С другой стороны, разум возжигает у смертных, во-первых, любовь и почитание величия
Божьего, которому мы обязаны и тем, что существуем, и тем, что способны обладать счастьем; во-
вторых, он наставляет нас и побуждает, чтобы и сами мы жили в наименьшей тревоге и наибольшей
радости, и прочим всем помогали по природному с ними братству достичь того же. Ведь никогда не
было ни одного столь сурового и строгого поборника добродетели и ненавистника удовольствия,
который указывал бы тебе на труды, бдения и скорбь и не повелевал бы также посильно облегчать
бедность и тяготы других. И он считал бы достойным похвалы за человечность то, что человеку
надлежит заботиться о благе и утешении человека, если человечнее всего смягчать горести других и,
одолев печаль, возвращать их к приятности жизни, то есть к удовольствиям (нет никакой
добродетели, свойственной человеку более этой). Если так, то почему природа не побуждает, чтобы
каждый делал то же для себя самого? Ибо или же приятная жизнь дурна, то есть та, которая
доставляет удовольствие; если так, то ты не только не должен никому помогать в ней, но изо всех сил
должен отнимать ее у всех как вредную и смертоносную; или же тебе не только можно, но и должно
склонять других к этой жизни как к хорошей; тогда почему бы не склонить тебе к этому прежде
самого себя?
Тебе следует быть не менее милостивым к себе, чем к другим. Ведь когда природа внушает тебе
быть добрым к другим, не велит она тебе, напротив, быть суровым и беспощадным к себе самому.
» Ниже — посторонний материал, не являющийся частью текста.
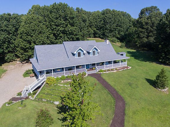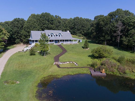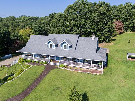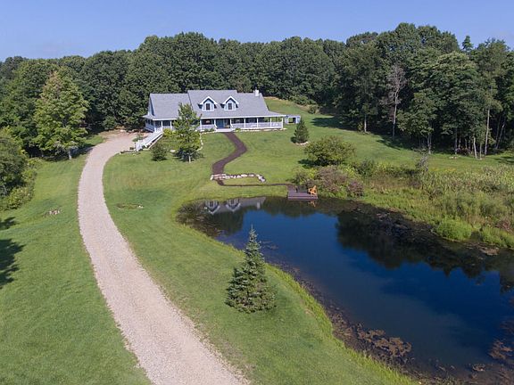 Perched on top of a hill, this home and property is a true wonder. The driveway winds its way around the peaceful pond (loaded with fish) and up to the home. You will want to sit on the wrap around porch and relax your troubles away. Upon entry, you will notice the vaulted ceiling and stone fireplace in the LR. This room is open to the eating area and enormous kitchen. The master suite boasts plenty of room, closet space and a jetted tub. New carpet upstairs will lead you to two large bedrooms wplenty of room for kids and guests. A full bath is also on the upper level. The walk out level is finished and was used for bedrooms and teenagers. A full bath and laundry are on this level as well. Pine Lakes Log Homes built this home and it is a true masterpiece. Call for a private showing.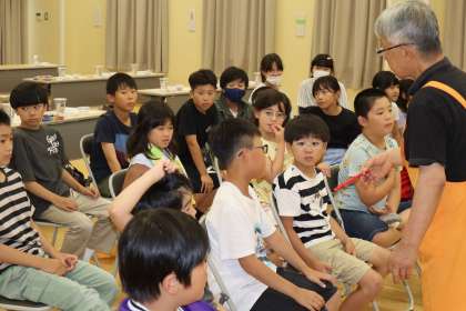 6月20日(木)15:00〜16:30、学校のお隣の「ぬくも里」(品野台地域交流センターで、子育て支援グループの皆さんの企画で「実験授業」が行われました。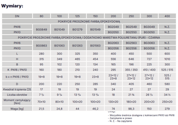 Korpus pokryty jest powłoką epoksydową ≥ 250 μm, a na życzenie dostępna jest wersja z powłoką poliuretanową PUR zgodną z PN-EN 10290. Zasuwa spełnia wymagania norm PN-EN 13774, DIN 3230-5, GIS/V7-1, a jej kołnierze wykonano zgodnie z PN-EN 1092-2 (PN10/16).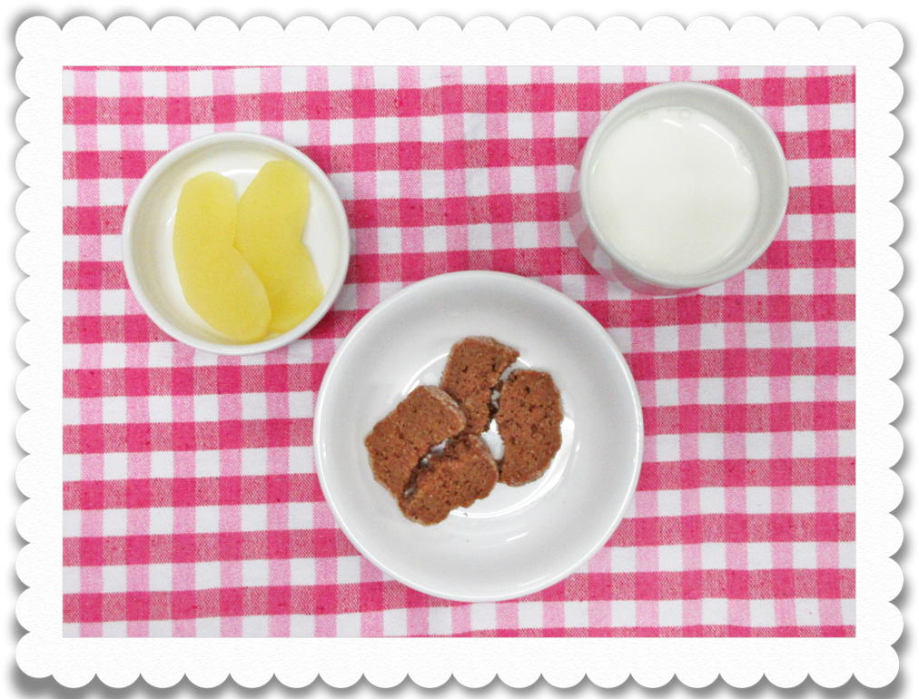 【幼児おやつ】牛乳、ココアクッキー、果物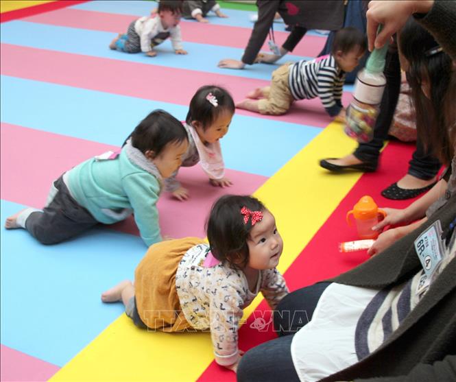 Các em bé tham gia cuộc thi bò tại một trung tâm thương mại ở Yokohama, Nhật Bản. Ảnh: Kyodo/TTXVN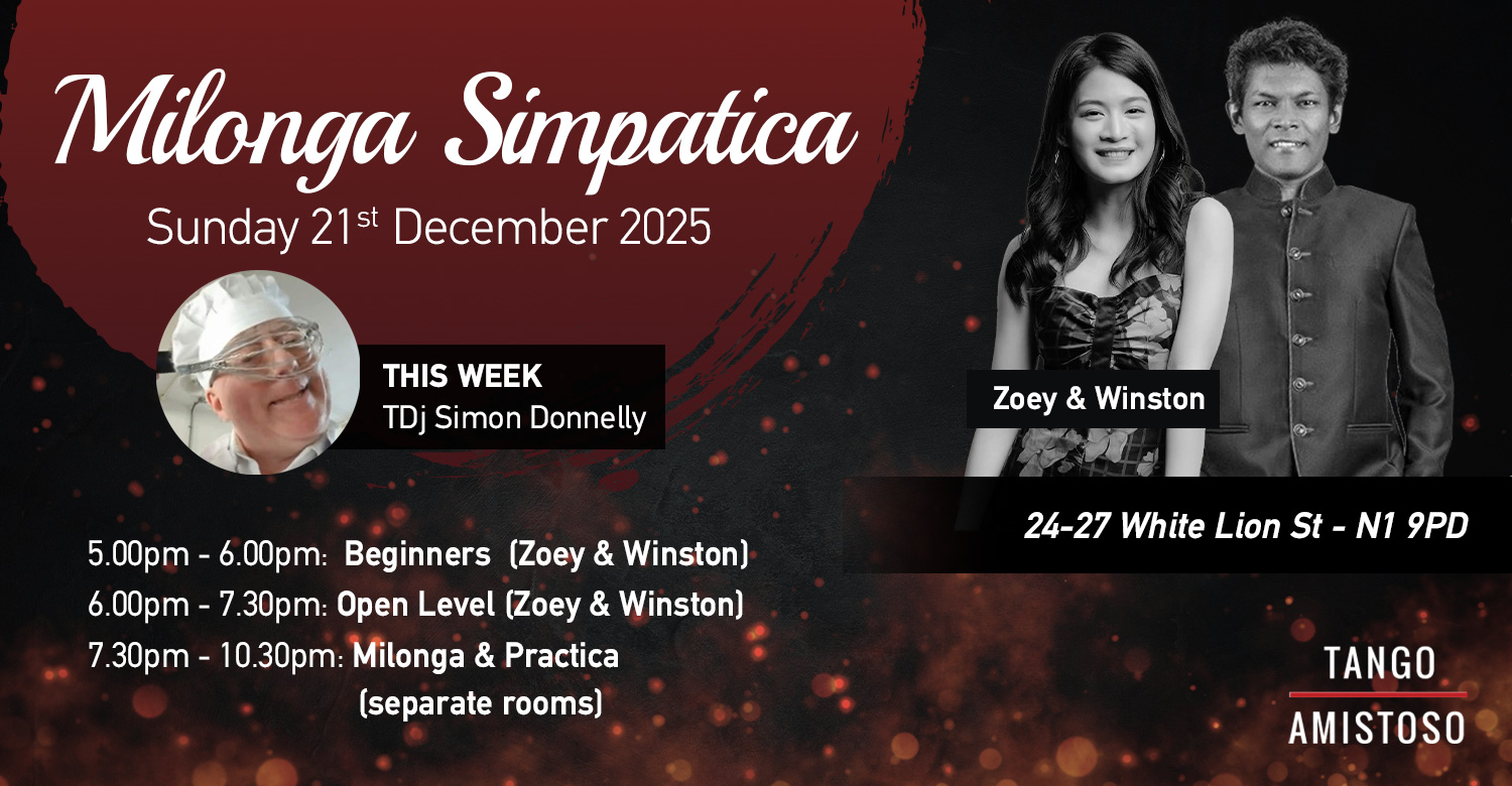Milonga Simpatica is a friendly Milonga run by Tango Amistoso in London every Sunday. The Milonga is run with a real community spirit where we, as a community, work hard to create a warm, friendly and welcoming environment.

Следовательно, говорят они, приятную жизнь, то есть удовольствие как предел всех наших
деяний, предписывает нам сама природа. Жить по ее предписанию — так определяют они
добродетель.
И так как природа приглашает смертных помогать друг другу, чтобы жить веселее (это она
делает совершенно справедливо, ибо никто не возвышается над участью рода человеческого
настолько, чтобы природа пеклась лишь о нем одном; она равно благоволит ко всем, объединенным
общим видом), она, разумеется, даже велит тебе следить, чтобы не пренебрегал ты своими выгодами,
как не причиняешь ты невыгод другим.
Поэтому они считают, что надобно соблюдать не только договоры, заключенные между
частными лицами, но и законы общества, которые опубликовал добрый правитель или же утвердил с
общего согласия народ, не угнетенный тиранией и не обманутый хитростью законов о распределении
жизненных удобств, то есть основы удовольствия. Соблюдать эти законы, заботясь о своей выгоде, —
дело благоразумия; думать, кроме того, о выгоде общества — признак благочестия. Однако похищать
чужое удовольствие, гоняясь за своим, — несправедливо. И, напротив, отнять что-нибудь у самого
себя и отдать это другим — как раз долг человечности и доброты; этот долг никогда не забирает у нас
столько, сколько возвращает нам назад. Ибо он вознаграждается обменом благодеяний, и само
сознание благодеяния и воспоминание о любви и благорасположении тех, кому ты сделал добро,
приносит душе более удовольствия, чем было бы то телесное удовольствие от которого ты удержался.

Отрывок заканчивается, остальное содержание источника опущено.